Thursday, July 17, 2008

WSJ: Roman Catholic Schools Have Contributed a Lot

The Wall Street Journal recently ran a story on the ongoing efforts of a group of Catholic school teachers and their thus far unsuccessful efforts to secure recognition of their union by the Diocese of Scranton.

Today the WSJ printed two Letters to the Editor received in response to their story:

Roman Catholic Schools Have Contributed a Lot
July 17, 2008; Page A14

I was quite touched emotionally and personally by the article "Crisis of Faith Between Church, Union?" (Currents, July 10).

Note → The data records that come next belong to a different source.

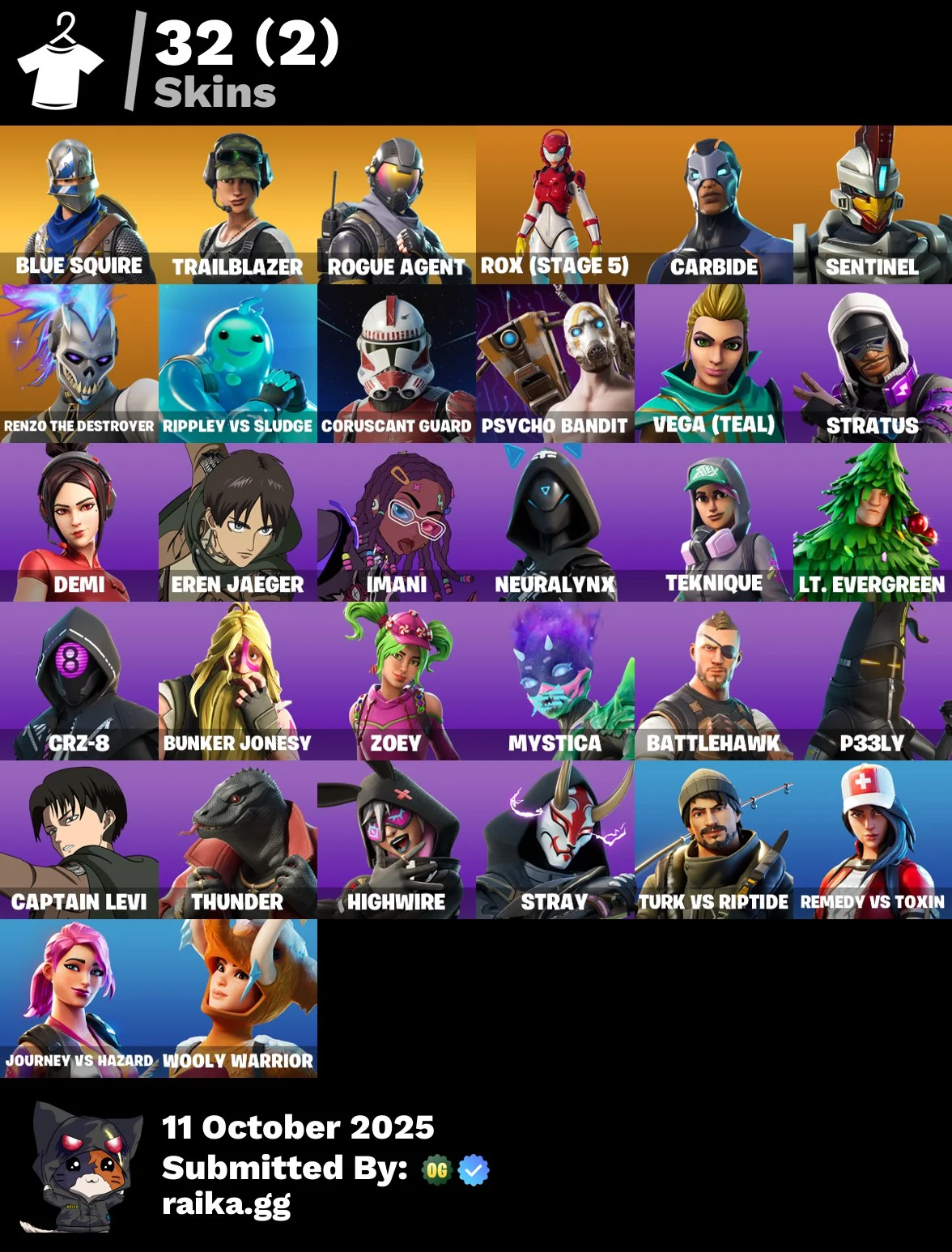 🔥 [PC/PSN/XBOX] 32 skins | Blue Squire | Psycho Bandit | Eren Jaeger | Captain Levi | Trailblazer | Rogue Agent lai550
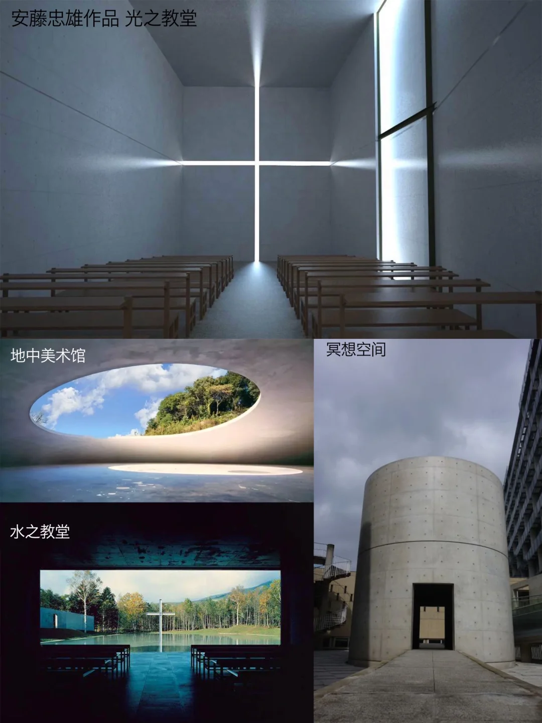 🔹建筑设计最著名的当属安藤忠雄,他利用清水混凝土、光、风与水流,完美呈现出侘寂风格的简朴、自然和质感。
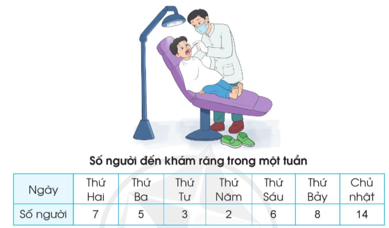 Dưới đây là bảng số liệu thống kê số người đến khám răng tại một phòng khám nha khoa vào các ngày trong một tuần:

The 12 years of superb Catholic education I was blessed with prepared me quite well for my professional adult life. As a result, and with deep gratitude, I still offer my financial support and personal assistance to those schools despite having graduated decades prior.

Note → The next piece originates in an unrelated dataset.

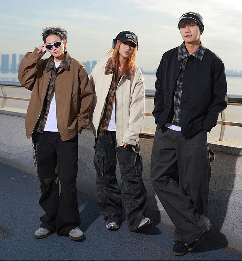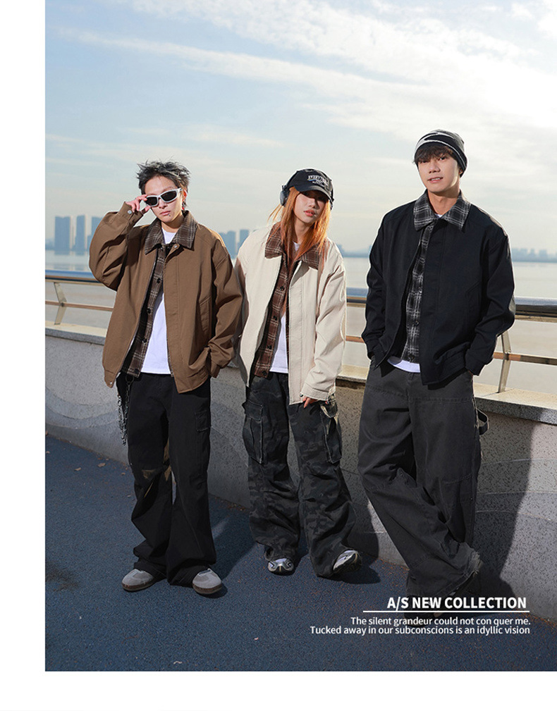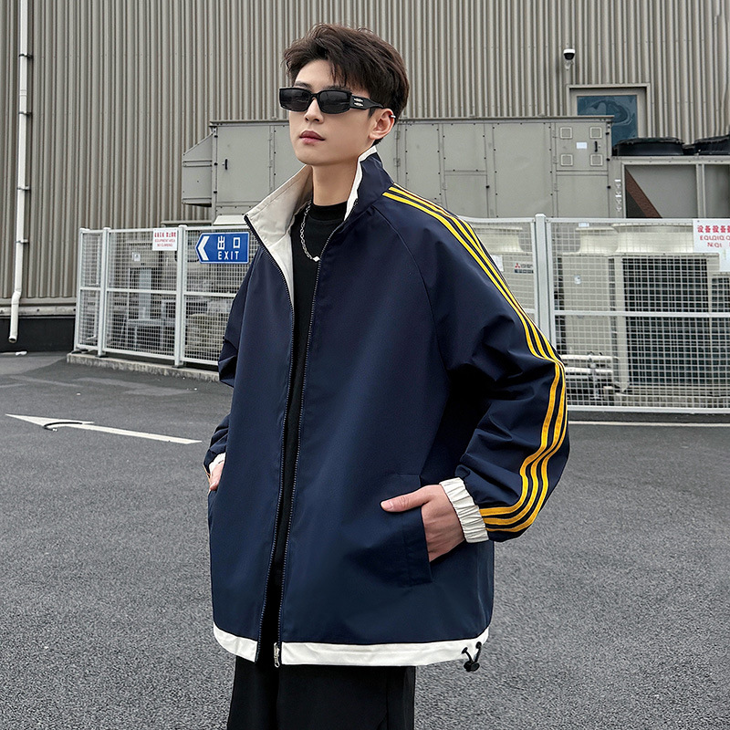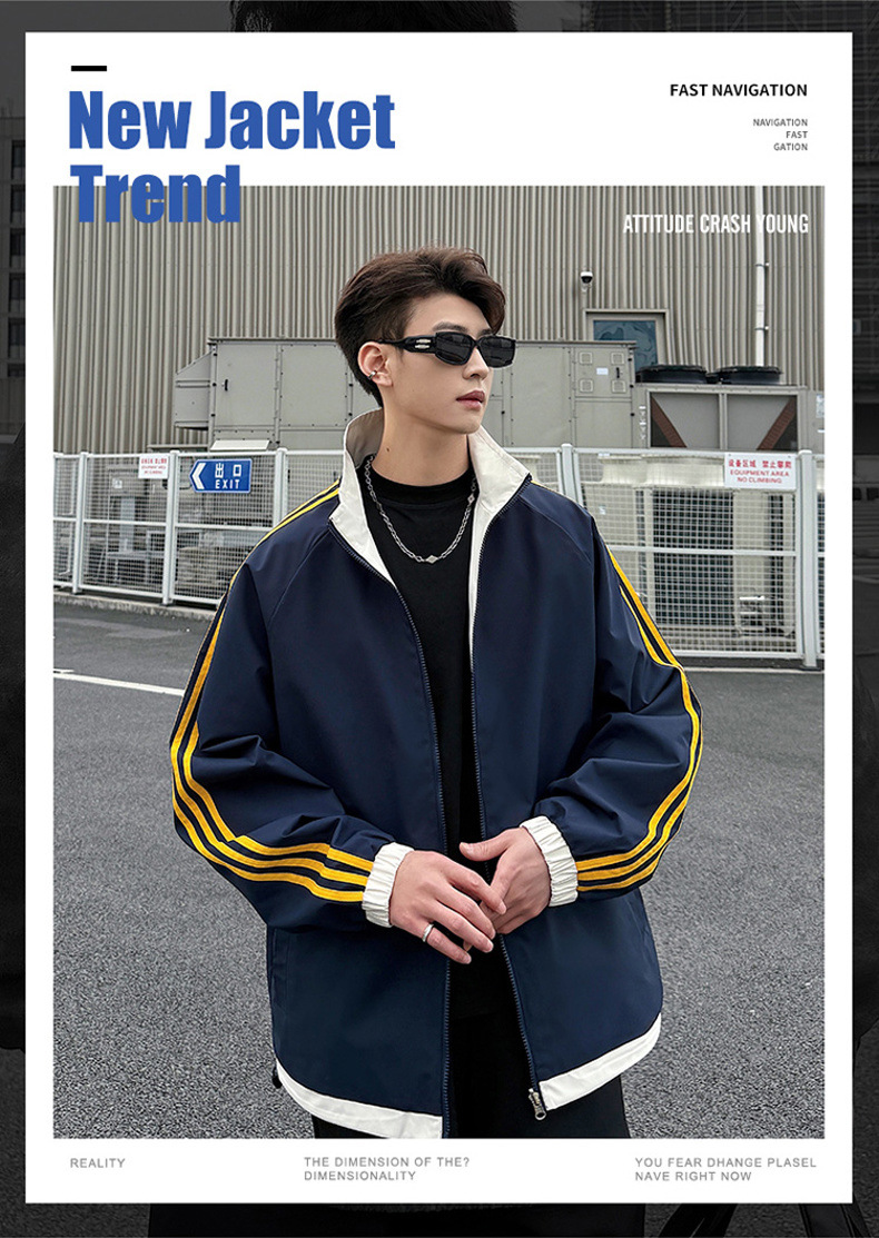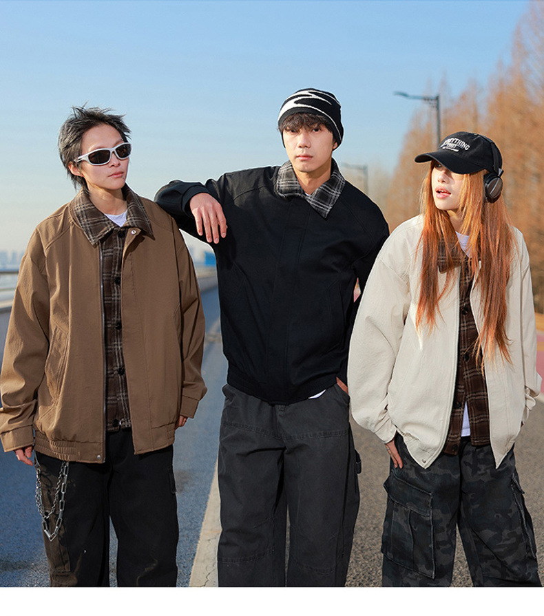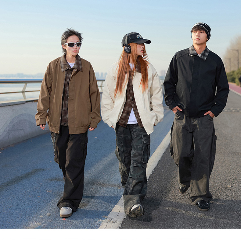 夹克男新款复古男装宽松三防外套潮牌春秋翻领假两件休闲男士上衣스토어 가기

The Newark Diocese tried to shut down my high school, Hudson Catholic in Jersey City, N.J., this past year. That school has been spared closure due to the strong and fast action taken by the alumni. We worked to ensure that neither our past nor the future of other youngsters would be lost. As a result, the place is still operating and may well do so for many years to come, unless those with little foresight try again to close its doors.

Without teaching youngsters the ideas, the ideals, the goals and concepts inherent to Catholic education, the future of the Church is quite limited. Yes, the money saved will be quite a bit, but the loss in more than just mere dollars will be immense.

Joseph P. Fanning
Glen Ridge, N.J.

You correctly point out that Catholic schools have defined the lives of American Catholics and nurtured believers from cradle to grave. However, the academic benefits are just as abundant. All of our four children attended, or are attending, Catholic elementary and secondary schools. As a direct result of their education, they received impressive college scholarships, were consistent dean's list students and graduated with academic honors. We have received more in college scholarships than we have spent for Catholic school tuition in the past 20 years.

If more parents realized the value of a Catholic school education, the schools would be filled and there would be no financial deficit or problem with paying the teachers a fair salary. Our Diocese of Scranton Catholic school teachers are intelligent, caring and dedicated. We would gladly pay for an increase in tuition so that these teachers could earn the respectable salary they so rightly deserve.

John M. Nonnemacher
Sandra R. Nonnemacher

Hazleton, Pa.

There's not much more for me to add.